Task requirements =
Would you repeat the whole listing exactly, pictures excluded?

[[ Source material, beginning ]]

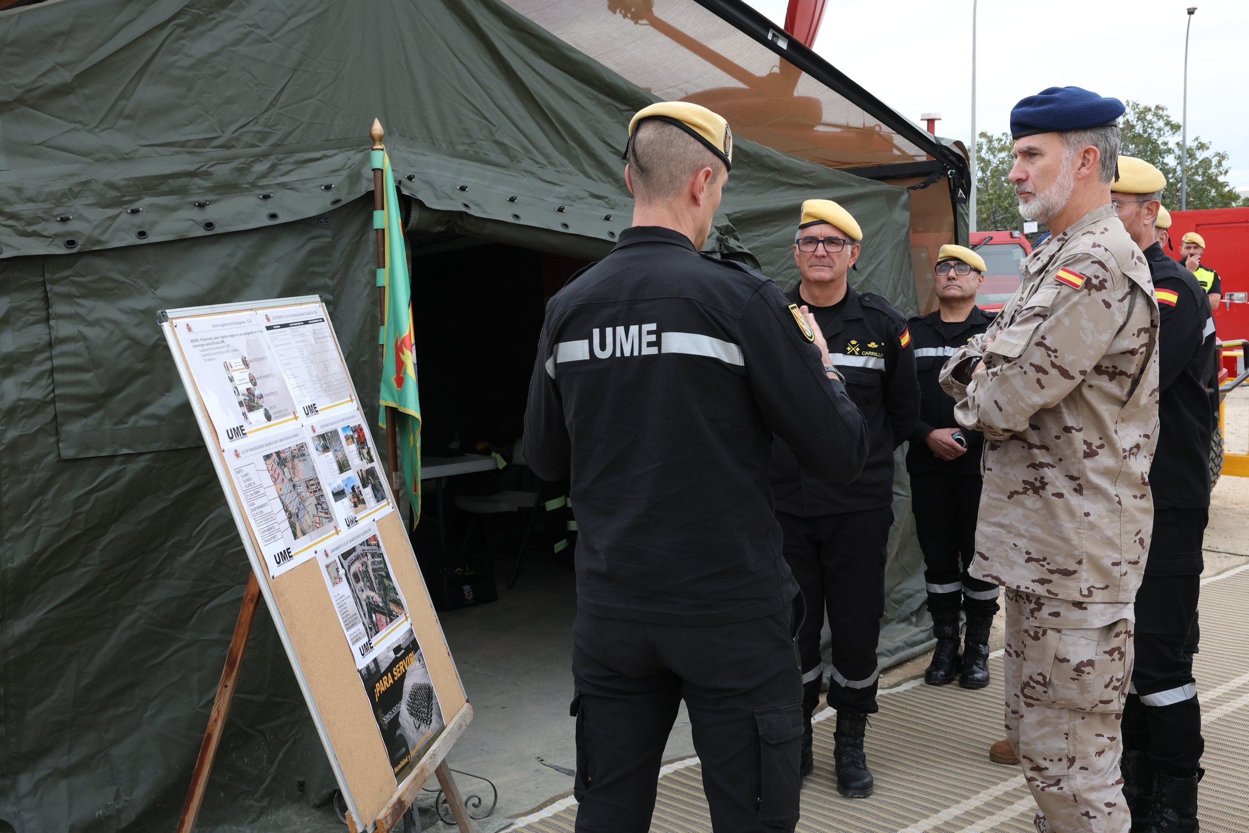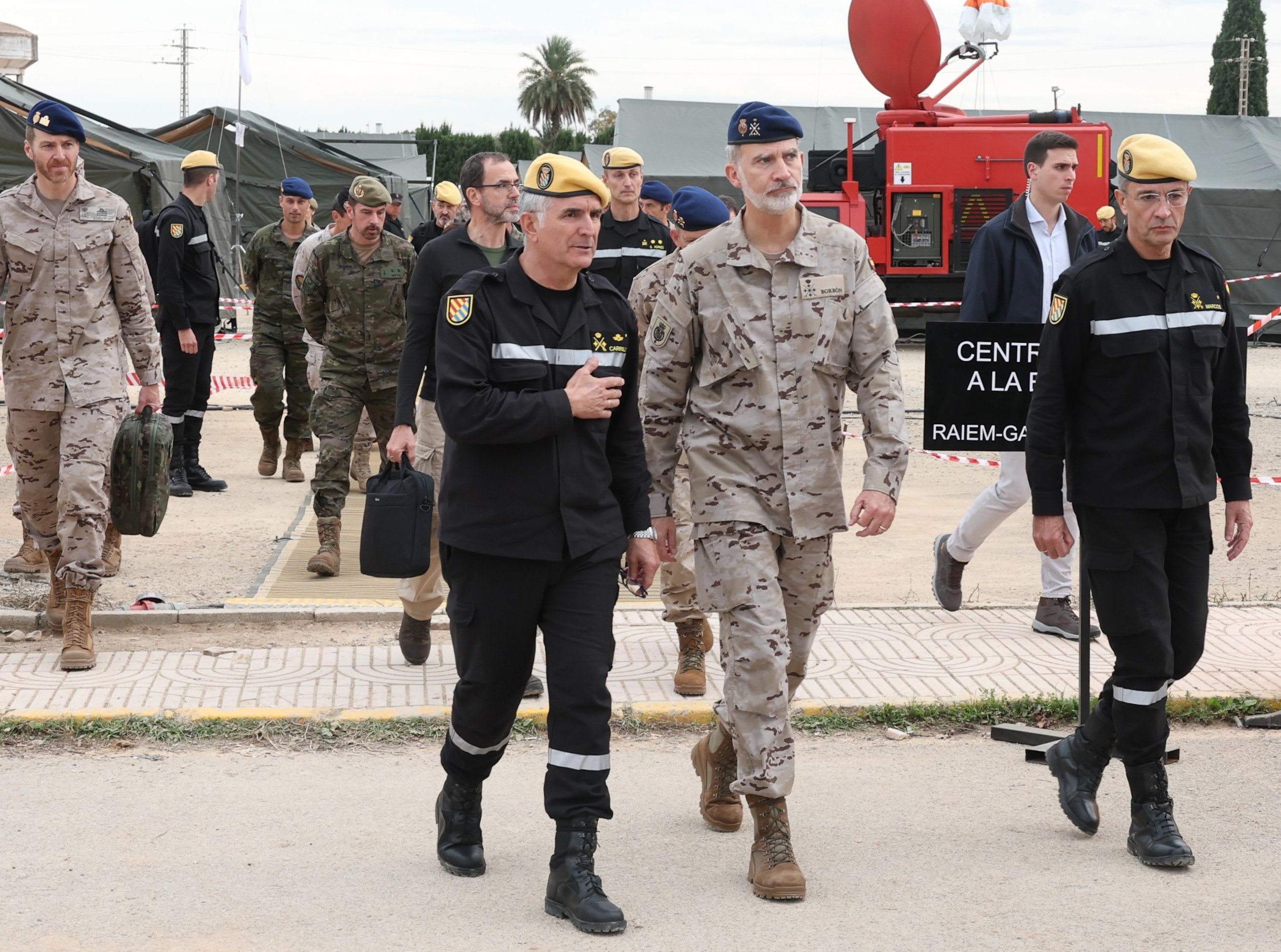 El rey Felipe VI ha visitado este martes las instalaciones militares donde se encuentran los efectivos de las Fuerzas Armadas desplegados en Valencia para apoyar por los destrozos de la DANA,
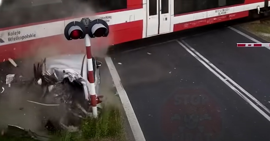 Par vēlu bremzējot, vadītājs apstājas tieši dzelzceļa pārbrauktuves vidū, taču izdara neko, lai izvairītos no sadursmes.
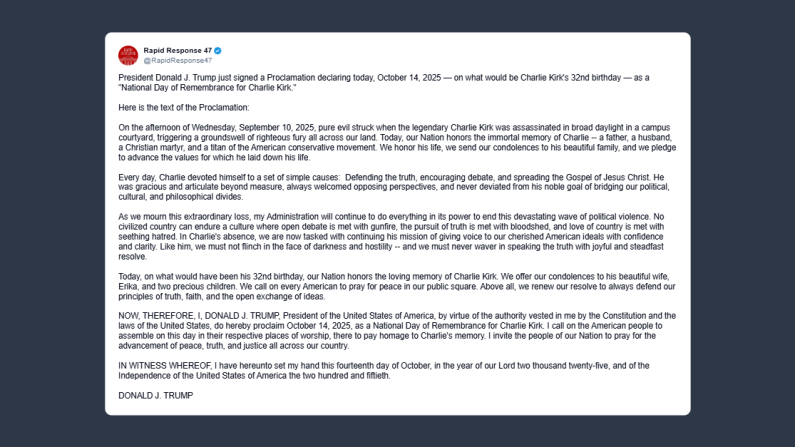 La Casa Bianca ha scritto su X che il presidente Trump ha proclamato il 14 ottobre, giorno di nascita di Charlie Kirk, Giornata nazionale in onore di Charlie Kirk.
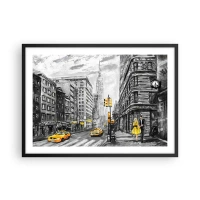 Plakat w czarnej ramie - Nowojorska ulica z żółtymi akcentami - 70x50cm - Nowojorska opowieść - Nowoczesna dekoracja ścienna do salonu i sypialni ARTTOR

[[ Source material, end ]]

Problem solution =
 El rey Felipe VI ha visitado este martes las instalaciones militares donde se encuentran los efectivos de las Fuerzas Armadas desplegados en Valencia para apoyar por los destrozos de la DANA,
 Par vēlu bremzējot, vadītājs apstājas tieši dzelzceļa pārbrauktuves vidū, taču izdara neko, lai izvairītos no sadursmes.
 La Casa Bianca ha scritto su X che il presidente Trump ha proclamato il 14 ottobre, giorno di nascita di Charlie Kirk, Giornata nazionale in onore di Charlie Kirk.
 Plakat w czarnej ramie - Nowojorska ulica z żółtymi akcentami - 70x50cm - Nowojorska opowieść - Nowoczesna dekoracja ścienna do salonu i sypialni ARTTOR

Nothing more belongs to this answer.